His name is Henry. He is so de-hydrated his cheeks look collapsed and his eyes protrude from his closely cropped skull. Médicins Sans Frontières (MSF) nurse Clara Chamizo is struck by the absurdity of the notion that Henry is feeling only a little uncomfortable lying on the ground, amidst the dozens of cholera patients who have overwhelmed this border town of 40 000 like a wildfire.
“Normally, cholera starts with a few cases, and then we have the peak after a few weeks,” says MSF Emergency Coordinator Luis Maria Tello.
That is not the case in Beitbridge, a town of about 20 000 people, 527 km south of Harare on the border of South Africa. On Nov. 14, 2008, Zimbabwe health authorities reported 5 cases. Two days later, there were 500. Now, 2 weeks later, there are 1500, and there is no sign the exponential growth will end. Tello surmises that they all “got the cholera from the same source at the same time.”

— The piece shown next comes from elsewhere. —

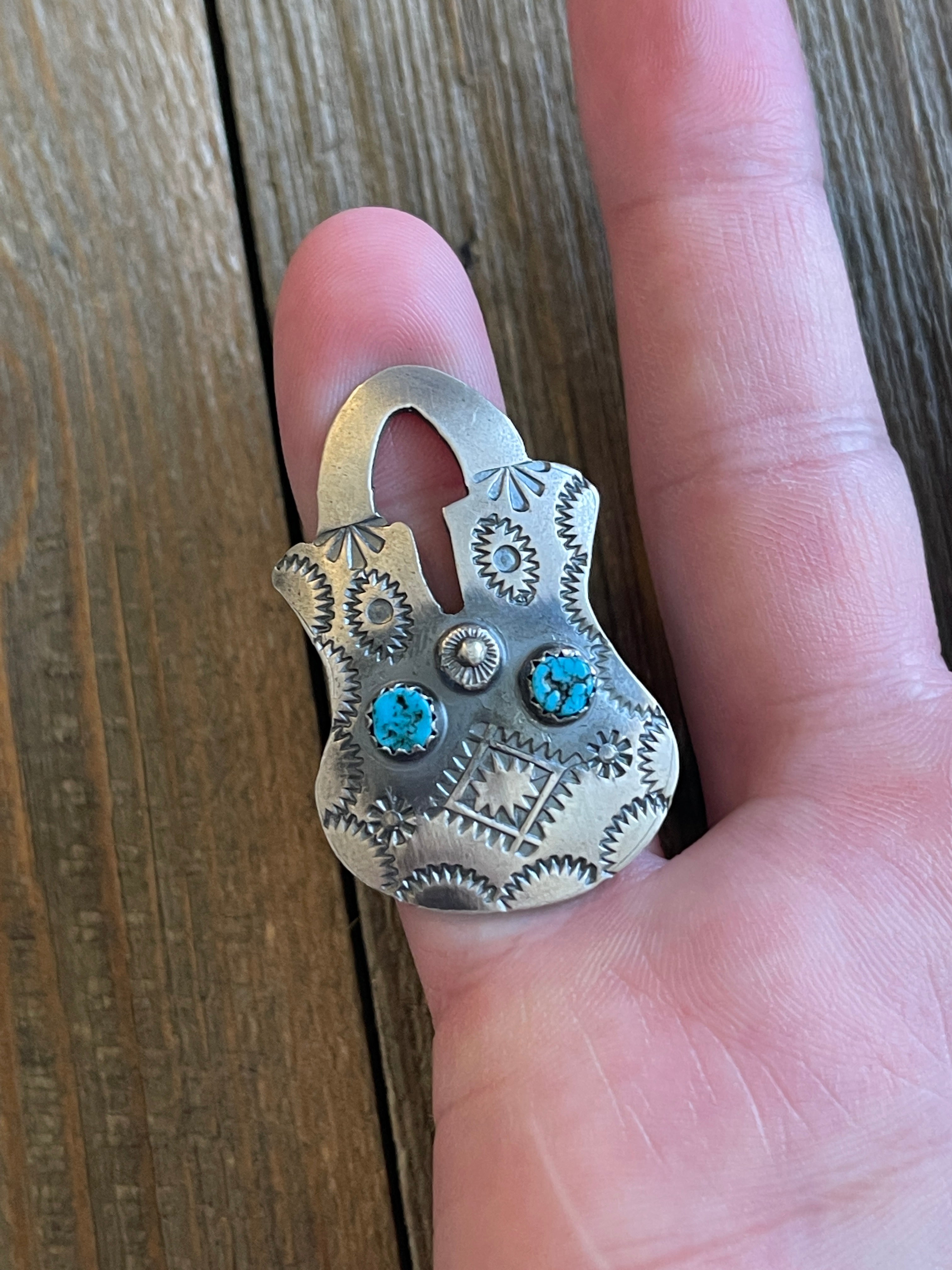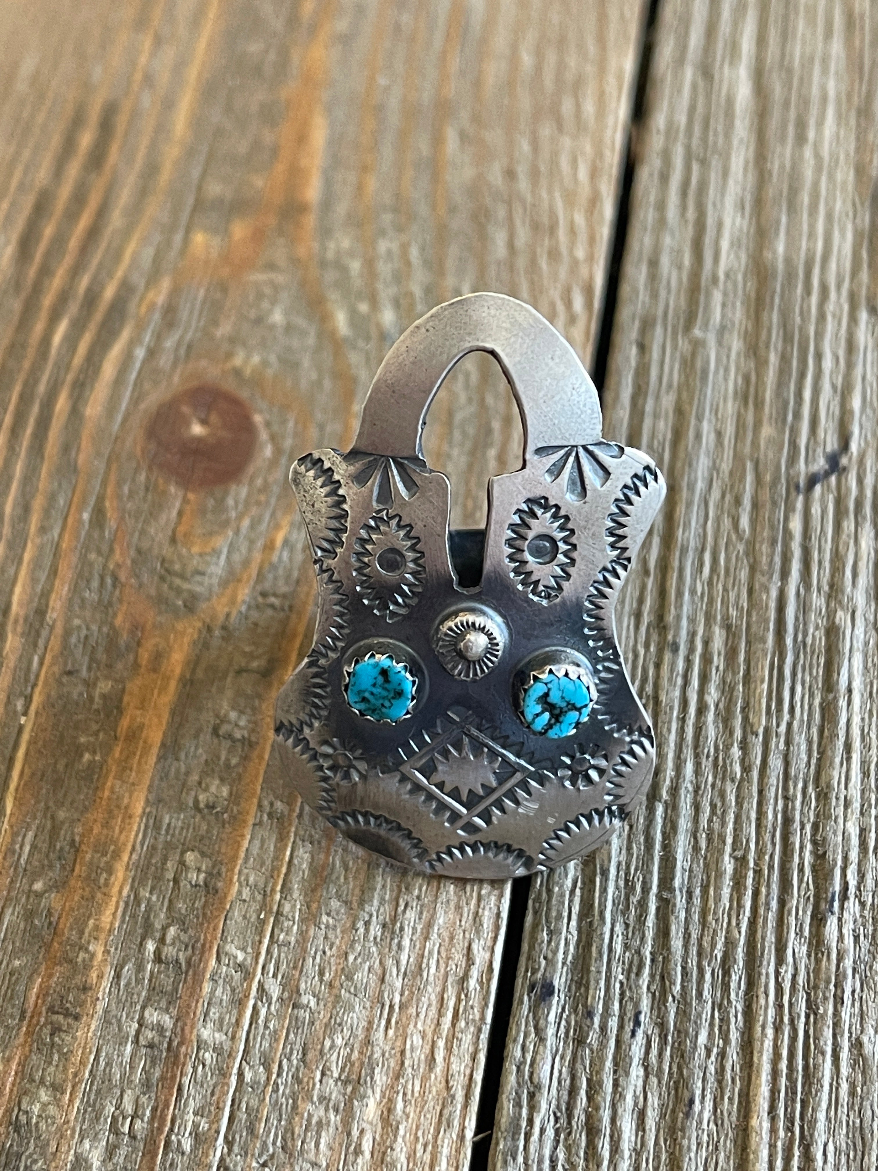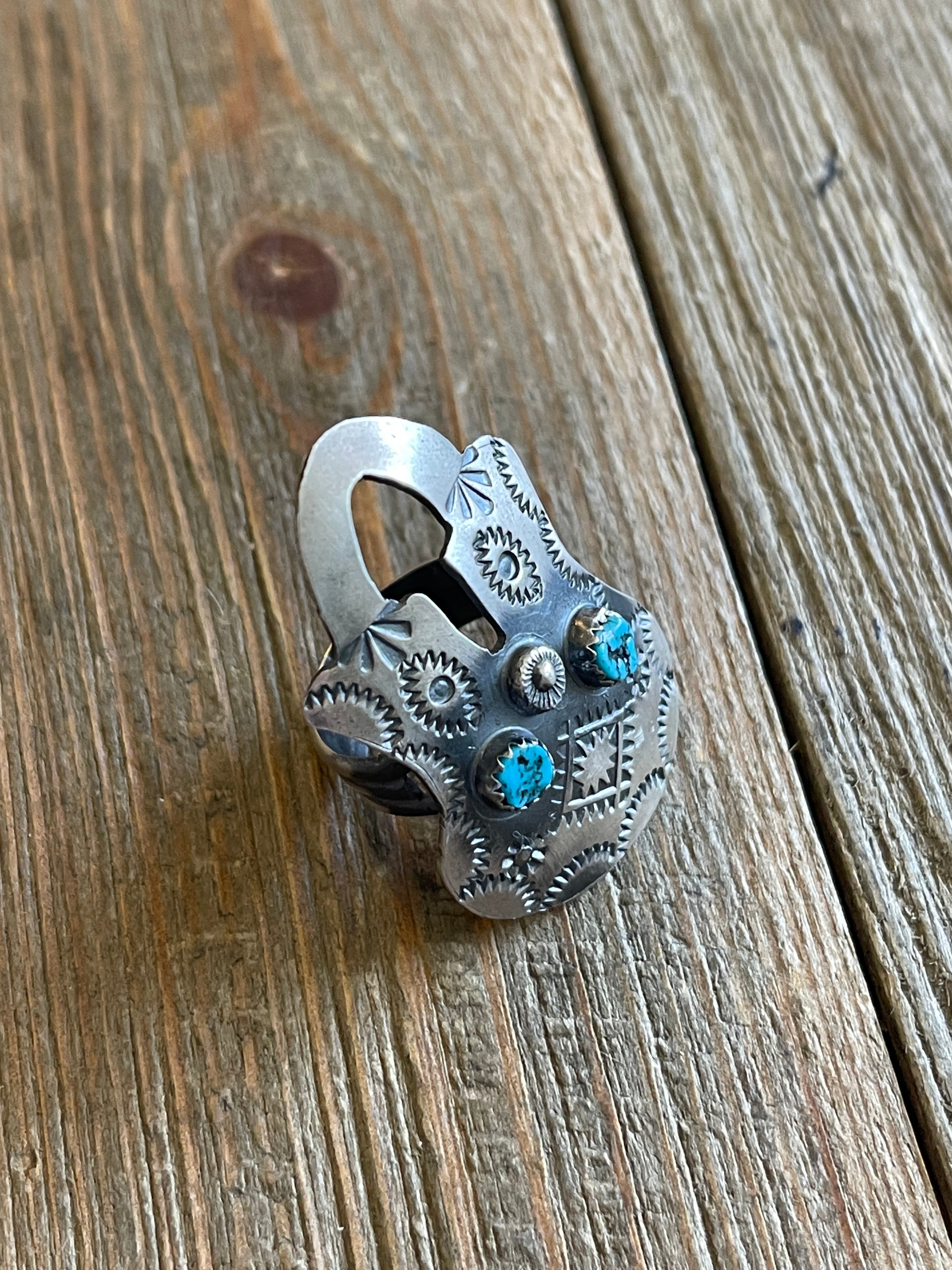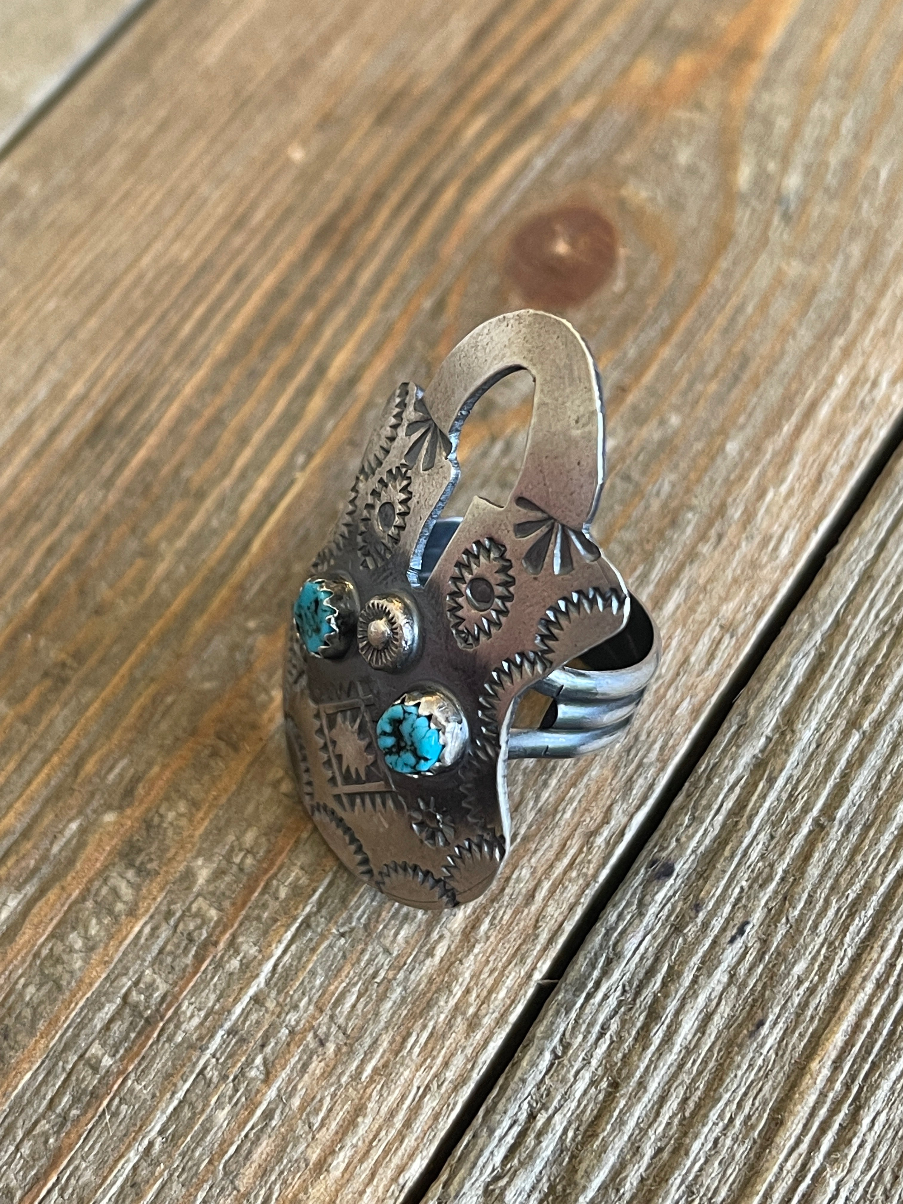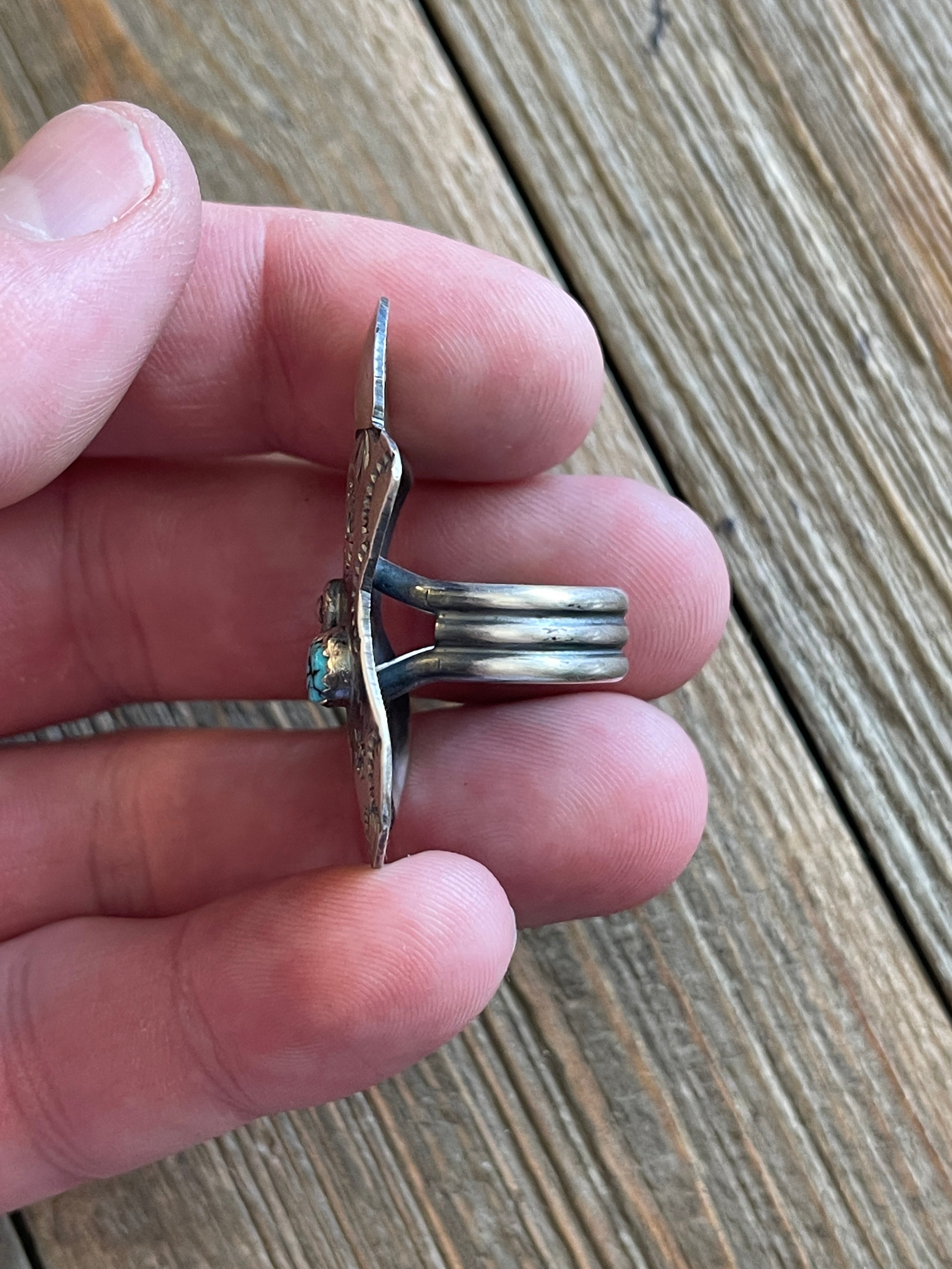 Tim Yazzie Kingman Turquoise & Sterling Silver Vase Ring Size 7. It measures just over 1 5/8 inches long and just over 1 inch wide. Signed by the artist and stamped sterling silver.

Initially, patients were placed inside the hospital, with most lying on the floor. With only 1 or 2 cleaning staff, the hospital toilets quickly backed up. There was also a shortage of cleaning supplies and water, and the level of hygiene quickly deteriorated.
By Sunday, the hospital started moving patients out onto the dirt compound, so that their body excretions could be absorbed into the ground.

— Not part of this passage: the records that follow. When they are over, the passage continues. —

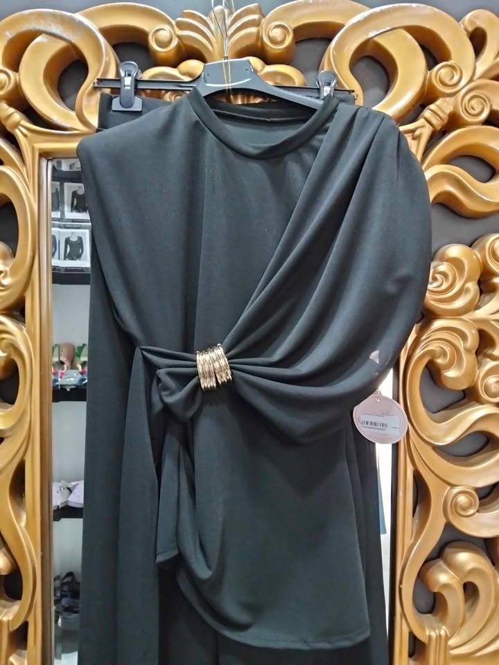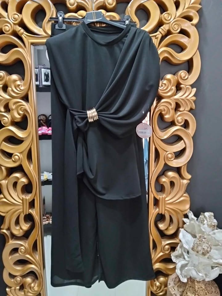 CONJUNTO DE DOS PIEZAS EN NEGRO, COMPUESTO POR PANTALÓN DE PIERNA ANCHA Y UNA BLUSA A JUEGO.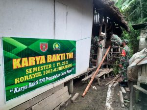 Dalam rangka perlaksanaan Karya Bakti TNI Satuan Komando Kewilayahan semester I tahun anggaran 2021, Kodim 1002/Barabai melalui koramil jajaran melaksanakan karya bakti TNI berupa rehab rumah tidak layak huni bagi warga masyarakat kurang mampu. Kamis (20/05).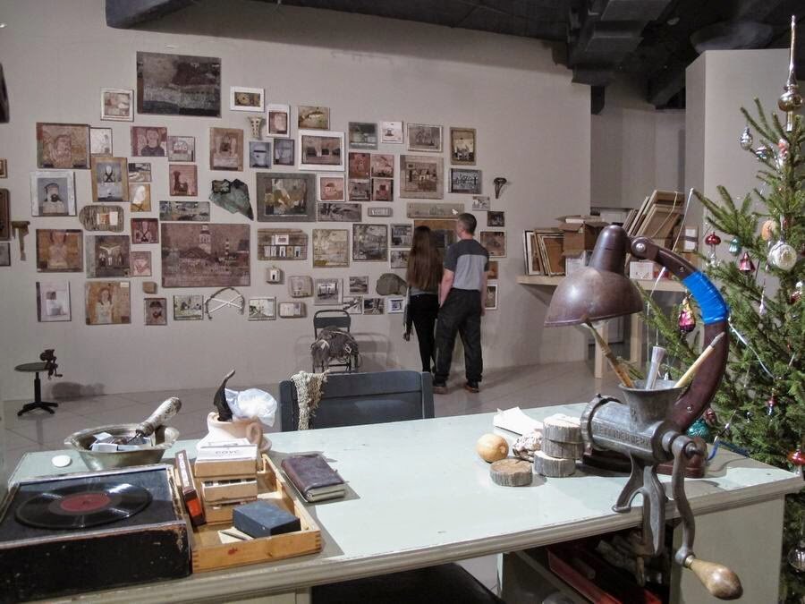 Второй этаж персональной выставки пермских художников Ольги Субботиной и Михаила Павлюкевича «Хроника движения» в Музее современного искусства PERMM цепляет центральной инсталляцией, воссоздающей мастерскую художника до мельчайших деталей. Собранием достаточно привычных предметов из интерьеров среднестатистической квартиры прошлого века, изготовленных из непривычного материала - "войлока", художники не оставят никого равнодушным. На периферии залов внимательному посетителю тоже есть что посмотреть. Это и гиды-котики и виртуальные коврики. И везде, везде обилие мелких деталей, которые можно разглядывать до бесконечности. Но обо всем по порядку. Если начать обходить залы против часовой стрелки, то натыкаешься на первую инсталляцию в виде какой-то отколовшейся облицовочной плитки или неудавшегося барельефа. Смысл ее я не особенно понял. Не помог даже обнаруженный со второго раза узкий ленточный фотофриз из запечатленных на пленку руин памятников архитектуры. Оригинал поста в моем блог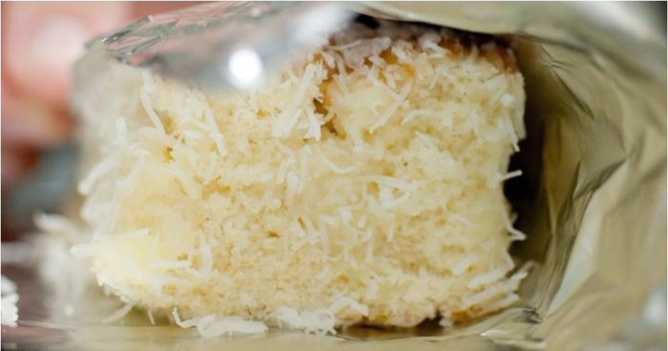 Mistura o leite condensado e o leite de coco em uma vasilha e o coco ralado em outra. Corte pedaços de aproximadamente 5 cm de bolo e molhe na calda de leite condensado e leite de coco, e passe no coco ralado. Repita o procedimento em todos os bolinhos, embrulhe em seguida no papel de trufa e leve a geladeira até ficar bem gelado.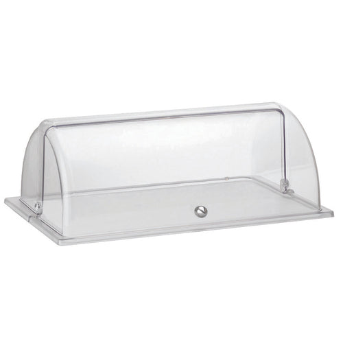 Frilich® Elegance Dome Cover, 21-3/5"W x 13-7/10"D x 9-1/2"H, rectangular, roll top, stainless steel knob, plastic, clear (fits ETO000E001 bread board & EFC000E019 cold food display set)

The sight is appalling. People lie in the dust under scorching 45-degree heat. They plead for the “life-saving” drip (ringer lactate IV fluid). There isn't even water for them, as the hospital has its supply cut most days.
MSF Project Coordinator Dr. Veronica Nicola, an Argentine pediatrician, says she has never inserted so many catheters in any day in her life. “For me the hardest thing was to be able to concentrate on one person. There was a man lying next to one of the trolleys under the sun. By the time I got to him he was in shock. We tried to get a vein like 10 times, but then he started gasping and he died right there in front of our eyes.”
She pauses.
“If I had seen him half an hour before, we might have been able to do something about it, but there were so many people lying there, people calling you. But still, we could have done something.”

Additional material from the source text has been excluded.